Well, we’re here to tell you that wine can be saved, made into a syrup to be used in cocktails! For an even fresher flavour, you can use fresh wines (white is preferred for its fruitiness and acidity) or even a sparkling wine! We’ve found great success using Rieslings and Prosecco for syrups for their green fruit and tropical fruit profiles. It’s a simple matter of mixing one part wine with one part sugar, and simmering in a saucepan until the sugars have dissolved. Depending on the wine you choose, you will have different flavour profiles. You can even use non-alcoholic sparkling wines, such as Gruvi Dry Secco which makes for a phenomenal syrup!
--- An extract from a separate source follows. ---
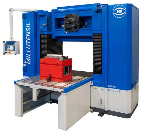 BV 28 E is the advanced version with a hydraulic system controlled by electronic servo proportional valves and a control of parallelism through Heidenhain optical lines. The BV 28 E is equipped with user-friendly graphics control panel, monitored through Siemens PLC commanded by Touch Panel.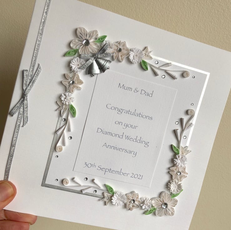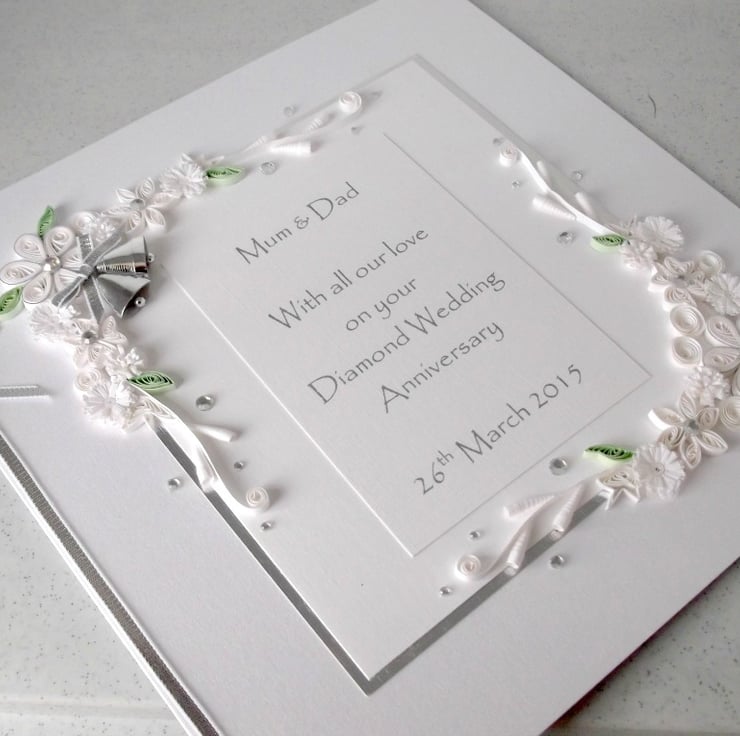 Quilled handmade diamond 60th wedding anniversary card, personalised

- ½ Cup White Wine or Sparkling Wine
- ½ Cup Sugar
- Add your wine or sparkling wine to a small saucepan.
- Add the sugar.
- Give it a stir to incorporate the sugar and wine together.
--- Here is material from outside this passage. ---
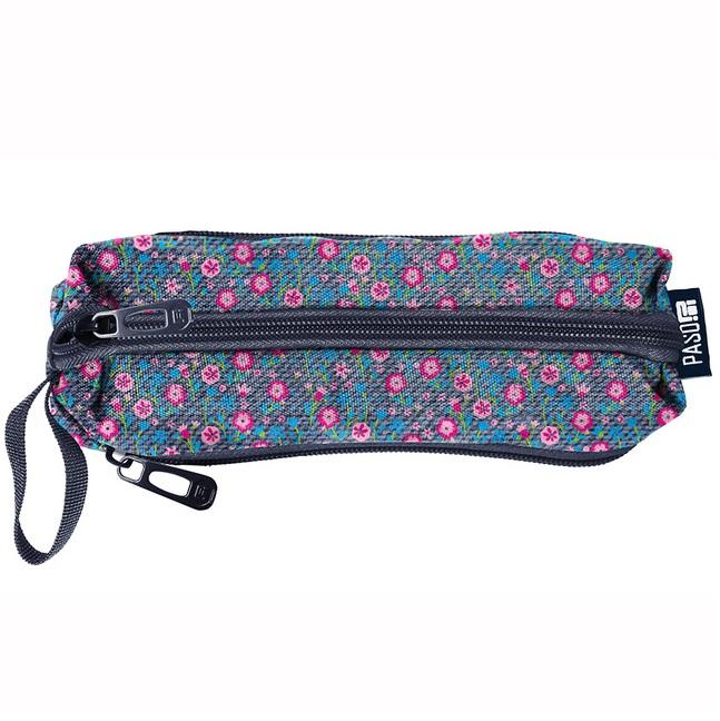Piórnik w drobne kwiatki, przybornik trzykomorowy. Idealny na dodatkowe akcesoria szkolne. Wyposażony jest w trzy zapinane na zamek przegródki umożliwiające zachowanie porządku. Stanowi świetny dodatek do klasycznych piórników, które nie pomieszczą dodatkowych aksesoriów szkolnych, takich jak temperówka, klej, cyrkiel, korektor czy markery. Piórnik może służyć także jako etui lub mini-kosmetyczka. W Paso dbamy, aby nasze piórniki były funkcjonalne, lekkie i jednocześnie pakowne.

- Set the stove to medium heat and gently simmer.
- Remove from heat as soon as all the sugar has dissolved.
- Let cool to room temperature.
- Bottle in a clean jar or glass bottle.
- Keeps for one week.
NOTE: If you wish to modify this recipe further, add some elements to the syrup before simmering. You can add slices of citrus, ginger, or even spices to add complexity to your syrups flavour. While simmering, be sure to taste frequently and then strain out the solids once the desired flavour strength is achieved. Chill and then refrigerate as normal.